Introduction

Inbreeding depression, the decline in trait value as a result of inbreeding, has been reported from many animal and plant species (reviewed by Charlesworth and Charlesworth, 1987, 1999). Among the important implications of this phenomenon is the decline in fitness observed in small populations, a phenomenon of major concern in conservation biology (Frankham, 1995; Keller and Waller, 2002). Most of the evidence accumulated so far points to partially recessive deleterious mutations as a main source of inbreeding depression (Charlesworth and Charlesworth, 1999; Crow, 1999), although overdominance can also play an important role in some organisms (eg Karkkainen et al, 1999). Tempelton and Read (1983) suggested that inbreeding depression can be purged from endangered populations through controlled inbreeding, which increases the effectiveness of selection against deleterious recessives. As no purging occurs under overdominance, crossing inbred lines should restore fitness to the original value, whereas if purging of deleterious alleles occurred during inbreeding, fitness is expected to be higher in the outcrossed lines than in the base population (Barrett and Charlesworth, 1991; Roff, 2002). However, Willis (1999) pointed out that evolution in the original population or in the inbred lines may invalidate conclusions based on this prediction. He proposed that the decrease in inbreeding depression, rather than the increase in fitness in populations with a history of inbreeding, should be demonstrated to imply purging (Figure 1 in Willis, 1999). The present study applies the design of Willis (1999) to test for purging of inbreeding depression in female fecundity in the bulb mite, Rhizoglyphus robini (Acari: Acaridae).

Figure 1
figure 1

The relation between female fecundity and mean number of generations survived by the inbred lines derived from them.

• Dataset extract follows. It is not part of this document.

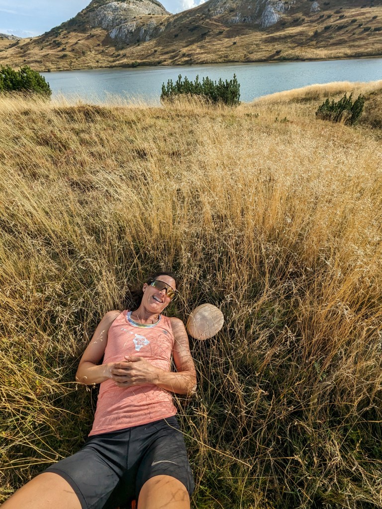 We weren´t doing a crazy hike, that there wasn’t much elevation gain and that we were headed to a lake. Most of the path was through grass and there was somewhat of a path to follow most of the way. We kept leap frogging a 2 person crew setting out markers for a trail race happening the following weekend until they finished for the day. Up and over treeless terrain filled with grasses and very white rocks with some taller mountains (all white from the bleached rocks conforming their peaks) in the distance.

The effectiveness of purging will differ depending on inbreeding rate or breeding scheme, and, importantly, on the type of the underlying mutations (Hedrick, 1994, Wang et al, 1999; Wang, 2000). Lethal and sublethal mutations can easily be eliminated from inbred lines, but mutations that are only weakly selected against (ie detrimentals) will often be fixed in populations via a random drift, and purging will be much less effective (Hedrick, 1994). Moreover, these detrimental mutations tend to be only partially recessive, so inbreeding does not increase the selection against them as much as against more recessive lethals or sublethals (Hedrick, 1994; Wang et al, 1999). Thus, the degree to which inbreeding depression is purged can be used to infer whether it is caused by genes of large or small effects (Willis, 1999): if inbreeding depression is caused mainly by detrimentals, purging will be much slower than for lethals (Hedrick, 1994). In practice, it might be difficult to determine whether inbreeding depression is caused by overdominance or recessive detrimentals when no significant purging is observed. However, the latter, but not the former, mechanism predicts the extinction of inbred lines in which deleterious mutations become fixed (Hedrick, 1994).

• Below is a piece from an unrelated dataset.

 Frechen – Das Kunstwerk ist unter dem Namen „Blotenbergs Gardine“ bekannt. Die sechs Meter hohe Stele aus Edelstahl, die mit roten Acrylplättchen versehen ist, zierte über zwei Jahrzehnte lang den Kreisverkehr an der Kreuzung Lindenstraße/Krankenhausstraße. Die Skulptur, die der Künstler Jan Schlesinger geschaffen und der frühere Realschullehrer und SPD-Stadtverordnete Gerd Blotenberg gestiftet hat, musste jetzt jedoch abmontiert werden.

The extinction of a large proportion of lines is a typical result of several generations of brother–sister mating (eg Bowman and Falconer, 1960; Sittman et al, 1966). Hedrick (1994) showed that, among other factors, the proportion of lines lost during inbreeding depends on the number of lethal equivalents present within a line. Inversely, the chance of line extinction could therefore be used as a measure of genetic load within the line. In this study, two inbred lines were derived from each founder female whose fecundity was measured. If phenotypic variation in fecundity was partly caused by deleterious mutations, I expected a negative correlation between fecundity of founders and the probability of extinction of the lines derived from them.

Methods

Rhizoglyphus robini infests subterranean structures of plants, for example, bulbs of onions, garlic and other members of the Liliaceae. It also infests stored food products (Diaz et al, 2000). Like other acarid mites, Rhizoglyphus is diploid and lacks parthenogenesis (Oliver, 1971, 1977). Sex ratio at emergence of adults is near unity (Gerson et al, 1983). Little is known about the population structure of the species. It occurs in populations ranging from a few to hundreds of individuals (reviewed in Diaz et al, 2000), so populations may undergo occasional bottlenecks. The mites used in this study came from a stock culture derived from a colony of about 100 individuals found on onions from a garden near Cracow, Poland, in 1998. They were kept in the lab as a large population (>1000 individuals) for 2 years (about 50 generations) before the commencement of this research. The culture was maintained at 22–26°C, >90% humidity, and fed a 3:1 mixture of powdered yeast and wheat germ.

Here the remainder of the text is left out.